/amazon-sagemaker-processing-video2frame-model-inference

This demo shows how to use SageMaker processing process video frames extraction and model inference.

Primary LanguageJupyter NotebookMIT No AttributionMIT-0

CN Translate

Amazon SageMaker 处理 Video2frame 模型推断

本演示展示了如何使用 SageMaker 处理过程视频帧提取和模型推理。

一些业务场景需要使用机器学习来处理视频。他们通常需要从视频中提取帧,然后将它们发送到模型并获得结果。这需要您提取帧并存储在某个地方,然后使用批量转换器或在线推理,这将涉及推理后不再需要的存储成本。因此客户正在寻找一种有效完成此类工作的方法,这里我们将介绍 Amazon SageMaker 处理。

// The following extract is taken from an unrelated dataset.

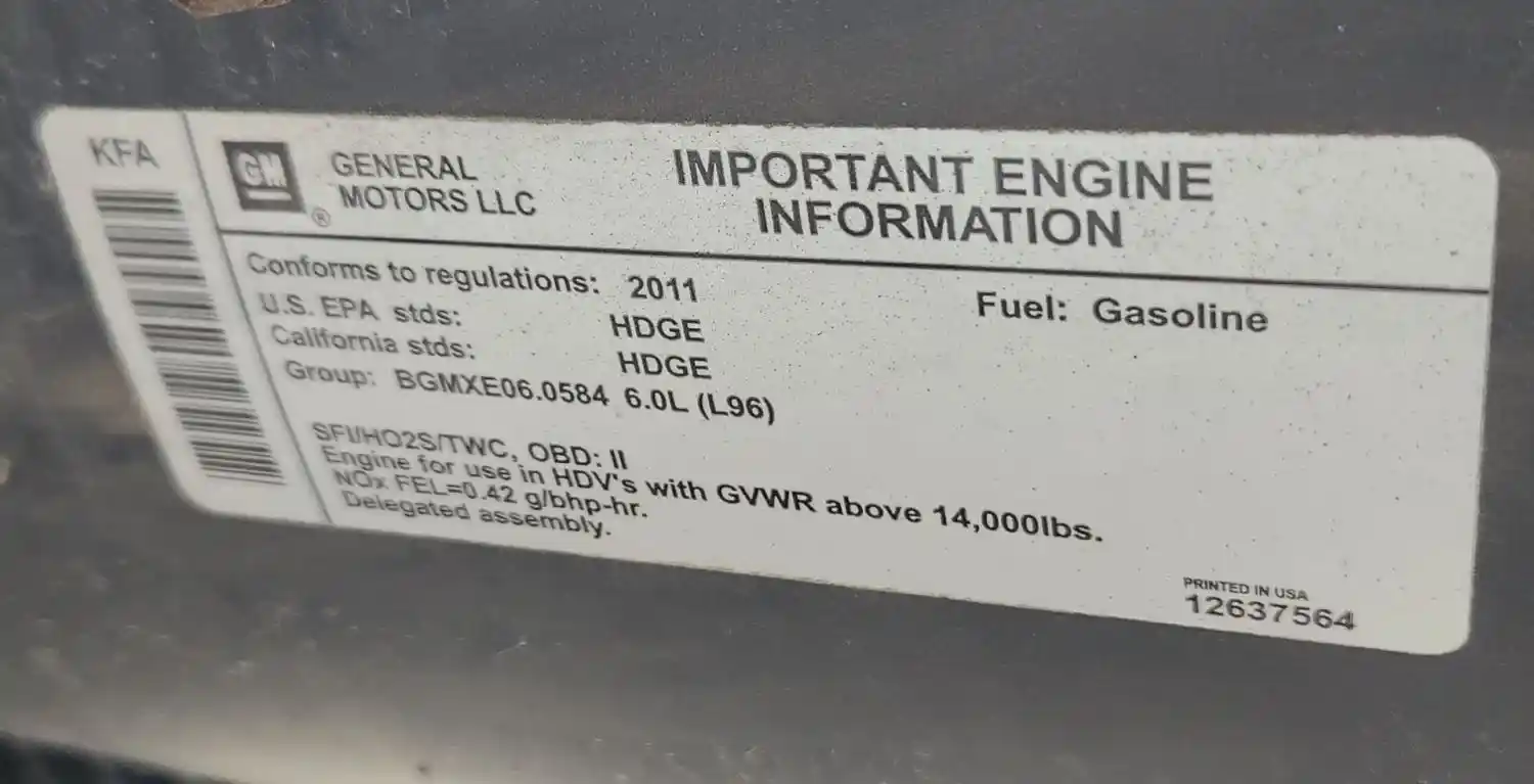 (Used) 2011 GM/Chev (HD) 6.0L, ENGINE ASSEMBLY- Family Number: BGMXE06.0584, Displacement: 6.0L, Horsepower: 360, Serial Number: TBD, ECS: SFI, HO2S, TWC, Fuel: Gasoline, Reference images for condition

Amazon SageMaker 处理是 Amazon SageMaker 的一项新功能,可让客户在完全托管的基础设施上轻松运行预处理、后处理和模型评估工作负载,在 re:Invent 2019 期间发布。

在此示例中,我们将在 VPC 中启动 sagemaker 处理作业,输入是 S3 中的视频,输出是推理结果(分割图像)并将存储在 S3 中。

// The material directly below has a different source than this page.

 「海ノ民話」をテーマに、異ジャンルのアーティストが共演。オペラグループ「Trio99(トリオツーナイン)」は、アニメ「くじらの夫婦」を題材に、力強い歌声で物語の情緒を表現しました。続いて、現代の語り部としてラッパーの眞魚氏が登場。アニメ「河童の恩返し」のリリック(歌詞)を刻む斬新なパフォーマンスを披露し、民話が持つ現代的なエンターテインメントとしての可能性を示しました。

  1. 启动一个 EC2 实例作为 API 服务器,可以被 sagemaker 处理作业调用。
  2. 我们使用预训练模型从 GluonCV 模型动物园做语义分割推断。
  3. 启用 Sagemaker Processing vpc 模式,以便它可以调用 API 服务器。

这是此示例的高级架构。

高级架构

GluonCV


GluonCV 提供了计算机视觉中最先进的 (SOTA) 深度学习算法的实现。它旨在帮助工程师、研究人员和学生快速制作产品原型、验证新想法并学习计算机视觉。

【GluonCV模型动物园】(https://gluon-cv.mxnet.io/model_zoo/index.html)包含六种预训练模型:分类、目标检测、分割、姿态估计、动作识别和深度预测。

在这个示例中,我们将使用来自 Segmentation 的 deeplab_resnet101_citys 并使用 cityscape dataset 进行训练,该数据集专注于对城市街景的语义理解,所以这个模型适用于汽车视图图像。

先决条件


为了下载 GPU 支持的预测试模型,您需要在 GPU based instance 中运行此示例,例如 ml.p2.xlarge 或 ml.p3.2xlarge

如果您只在处理作业(例如 c5 类型)中启动非 gpu 实例,则可以在非基于 gpu 的实例中运行此演示。

## 安全

有关详细信息,请参阅 CONTRIBUTING

## 执照

该库在 MIT-0 许可下获得许可。请参阅 LICENSE 文件。

Amazon SageMaker Processing Video2frame Model Inference

This demo shows how to use SageMaker processing process video frames extraction and model inference.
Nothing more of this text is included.